Sahibinin sesi: Engin Ardıç
Sabah Sabah'ın bugün kadrajına sahibinin sesi Engin Ardıç girdi.
Solcu bir psikiyatr arkadaşa sormuştum. Yahu bir insan, bir gazeteci nasıl olur da milyonların gözünün içine baka baka her gün yalan söyler? Ruh hastası olabilirler mi? Bir şey diyememişti. Çünkü bir yerden sonra onun da artık aklı almıyormuş.
Engin Ardıç, bu ruh hastalarında mı, klinik vakalardan mı desek en önde gideni… Bugünkü Sabah gazetesindeki “Atacak çamur kalmadı” başlıklı köşe yazısında, isim vermeden AKP’nin ekonomi politikalarını eleştiren gazeteci iktisat yazarlarına aklınca çamur atmış. “İstanbul sermayesine göbekten bağlı olup “iktisat yazarlığı” yapmak zor iştir. Yalan söylesen vicdanın elvermez, doğruyu söylesen büyük patron kızabilir.”

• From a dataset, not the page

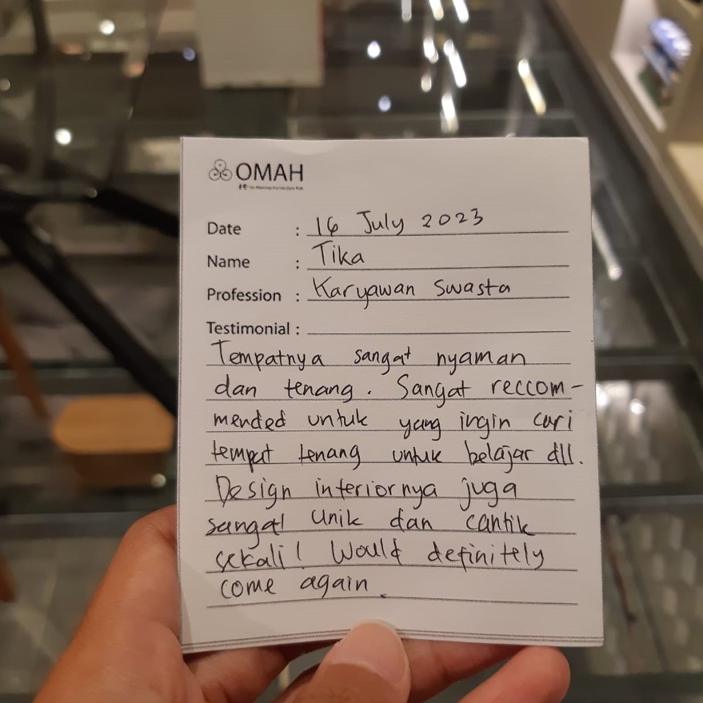 Tempatnya sangat nyaman dan tenang, sangat recommended untuk yang ingin cari tempat yang tenang untuk belajar dll. Design interiornya juga sangat unik dan cantik sekali! Would definitely come again.

Bu satırları okuyunca insanı bir gülme tutuyor tabii… Ama nasıl bir gülme Pembe panter filmlerindeki Jacques Clouseau’dan nefret eden Baş Müfettiş Dreyfus gibi…
Sanki bizatihi beyefendinin kendisi herhangi bir sermaye grubuna bağlı gazetede yazmıyor. Bağımsız gazeteci. Elbette Engin Ardıç da biliyor bir köşe yazarının neyi, nasıl yazacağını belirleyenin kendisi değil siyasal iktidarla ilişkisidir. Özünde köşe yazarının herhangi bir inisiyatifi yok denecek kadar az. Günümüzde köşe yazarlığı kurumu, sermayenin, yönetenlerin veya hâkim sınıfın kendi lehlerinde kamuoyu oluşturmaları açısından önemli bir araç. Ardıç, sahibinin sesi istenilen konuda istenilen şeyleri, adi, bir üslupla söylemekten yazmaktan utanmıyor.

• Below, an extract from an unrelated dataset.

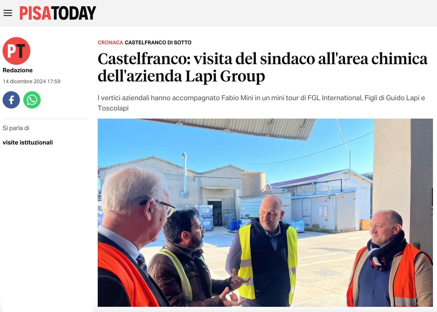 Castelfranco: visita del sindaco all’area chimica dell’azienda Lapi Group (Pisa Today – 14 dicembre 2024)

Malumatfuruş Engin Ardıç’ın asıl derdi Türkiye’de açlık ve yoksulluk sınırlarının köşe yazarlarınca dile getirilmesi. Bundan bir hayli rahatsız olmuş salyalarını sağa sola bulaştırması bu yüzden.
(Bir de “halkımız aç sefil” diye kafadan sallayanlar var, onlar ancak “gazete kılığında çıkan propaganda broşürlerinde” öterler.)

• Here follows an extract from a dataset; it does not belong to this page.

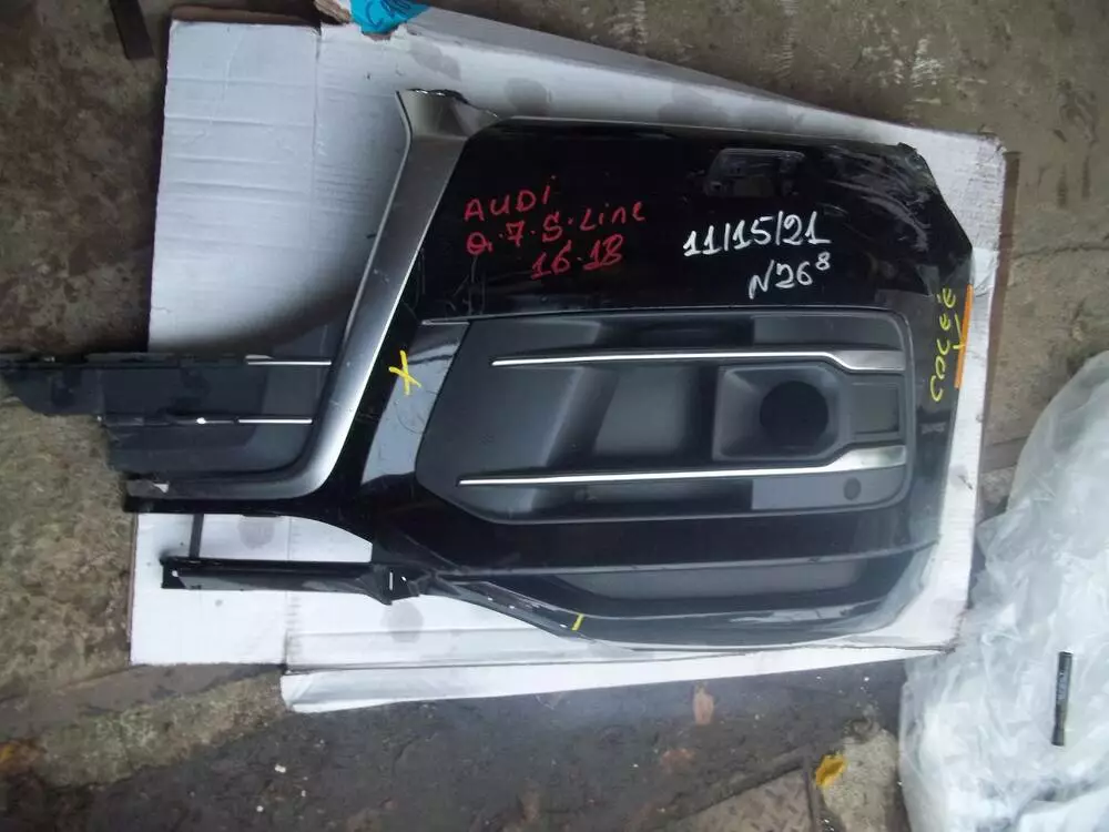 . AUDI Q-7 S-LINE 16-19 Клик переднього Бамперу LH Part№4M0.807.095E під ремонт +++ + Заглушка туманки LH з парок-троніком Part№4M0.807.151A--100% (омивач біля ришітки)

Farkında değil Engin Ardıç bu yazıyı kaleme almadan önce istatistiklere baksa durumun vahametini anlardı. Ama o üç maymunu oynama karşılığında maaş alıyor. Zira TÜİK’e göre Türkiye’de hane halkının yüzde 22,4’ü yoksulluk sınırının altında yaşamını sürdürmeye çalışıyor. Bu ise takriben 17 milyon kişi demek. Türkiye İstatistik Kurumu’nun (TÜİK) açıkladığı verilere göre, Türkiye genelinde 15 ve daha yukarı yaştakilerde işsiz sayısı 2015 yılı Temmuz döneminde geçen yılın aynı dönemine göre 103 bin kişi artarak 2 milyon 970 bin kişi olmuş.
Kendince tahmin de bulunuyor “AKP, bütün haksızlıklara, bütün namussuzluklara rağmen yüzde 40’ın üstünde oy toplayabiliyor. Bu oranın önümüzdeki seçimde 45’e çıkması bekleniyor.” diye yazıyor.
O zavallı güya alaycı, iğneleyici, ironik, müstehzi çapsızlığıyla yazısının sonunda elbette Komünistlere de çamur atıyor. “Bu durumda, hadi komünistler “kalkınma kapitalist yoldan olacaksa hiç olmasın” diyorlar, onu anladık da, liberal geçinen eşeklerin derdi nedir?”
AKP’yi nasıl aklayacağını şaşıran Engin Ardıç, “bu kadar cehalet ancak okumakla olur”’ tezini ispatlamış sahibini sesi bir gazeteci olarak tarihe geçmeyi hak ediyor.